### Records provided ###

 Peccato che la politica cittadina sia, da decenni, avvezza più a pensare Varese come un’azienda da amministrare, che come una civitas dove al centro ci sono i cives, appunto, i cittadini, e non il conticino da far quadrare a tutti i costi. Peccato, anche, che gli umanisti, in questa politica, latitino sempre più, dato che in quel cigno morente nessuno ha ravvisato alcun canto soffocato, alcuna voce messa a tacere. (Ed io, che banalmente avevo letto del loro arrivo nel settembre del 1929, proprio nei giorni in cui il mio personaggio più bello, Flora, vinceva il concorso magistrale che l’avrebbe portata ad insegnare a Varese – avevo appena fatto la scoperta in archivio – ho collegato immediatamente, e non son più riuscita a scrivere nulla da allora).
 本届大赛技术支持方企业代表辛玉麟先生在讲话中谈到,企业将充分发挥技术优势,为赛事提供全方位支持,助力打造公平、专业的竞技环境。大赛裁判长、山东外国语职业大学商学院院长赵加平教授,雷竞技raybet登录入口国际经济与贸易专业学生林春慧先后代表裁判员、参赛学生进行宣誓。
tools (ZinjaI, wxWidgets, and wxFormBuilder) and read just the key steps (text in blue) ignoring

###
### Records provided ###

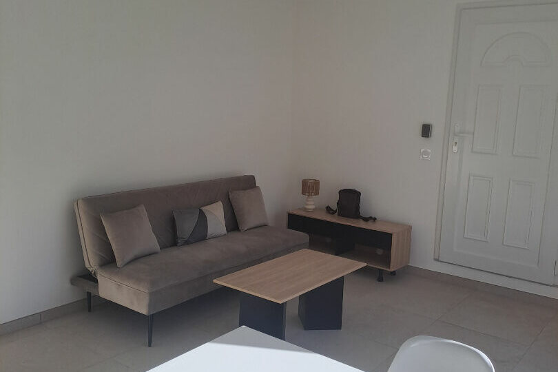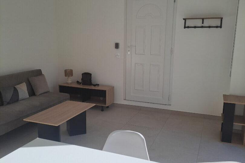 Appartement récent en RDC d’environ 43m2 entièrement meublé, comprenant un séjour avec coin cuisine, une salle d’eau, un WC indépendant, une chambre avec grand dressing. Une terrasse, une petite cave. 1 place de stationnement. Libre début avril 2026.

###

== Exercise ==
Copy the lines above exactly. Start with the line containing "Peccato che la", end with the line containing "tools (ZinjaI, wxWidgets, and", and include both.

== Task solution ==
 Peccato che la politica cittadina sia, da decenni, avvezza più a pensare Varese come un’azienda da amministrare, che come una civitas dove al centro ci sono i cives, appunto, i cittadini, e non il conticino da far quadrare a tutti i costi. Peccato, anche, che gli umanisti, in questa politica, latitino sempre più, dato che in quel cigno morente nessuno ha ravvisato alcun canto soffocato, alcuna voce messa a tacere. (Ed io, che banalmente avevo letto del loro arrivo nel settembre del 1929, proprio nei giorni in cui il mio personaggio più bello, Flora, vinceva il concorso magistrale che l’avrebbe portata ad insegnare a Varese – avevo appena fatto la scoperta in archivio – ho collegato immediatamente, e non son più riuscita a scrivere nulla da allora).
 本届大赛技术支持方企业代表辛玉麟先生在讲话中谈到,企业将充分发挥技术优势,为赛事提供全方位支持,助力打造公平、专业的竞技环境。大赛裁判长、山东外国语职业大学商学院院长赵加平教授,雷竞技raybet登录入口国际经济与贸易专业学生林春慧先后代表裁判员、参赛学生进行宣誓。
tools (ZinjaI, wxWidgets, and wxFormBuilder) and read just the key steps (text in blue) ignoring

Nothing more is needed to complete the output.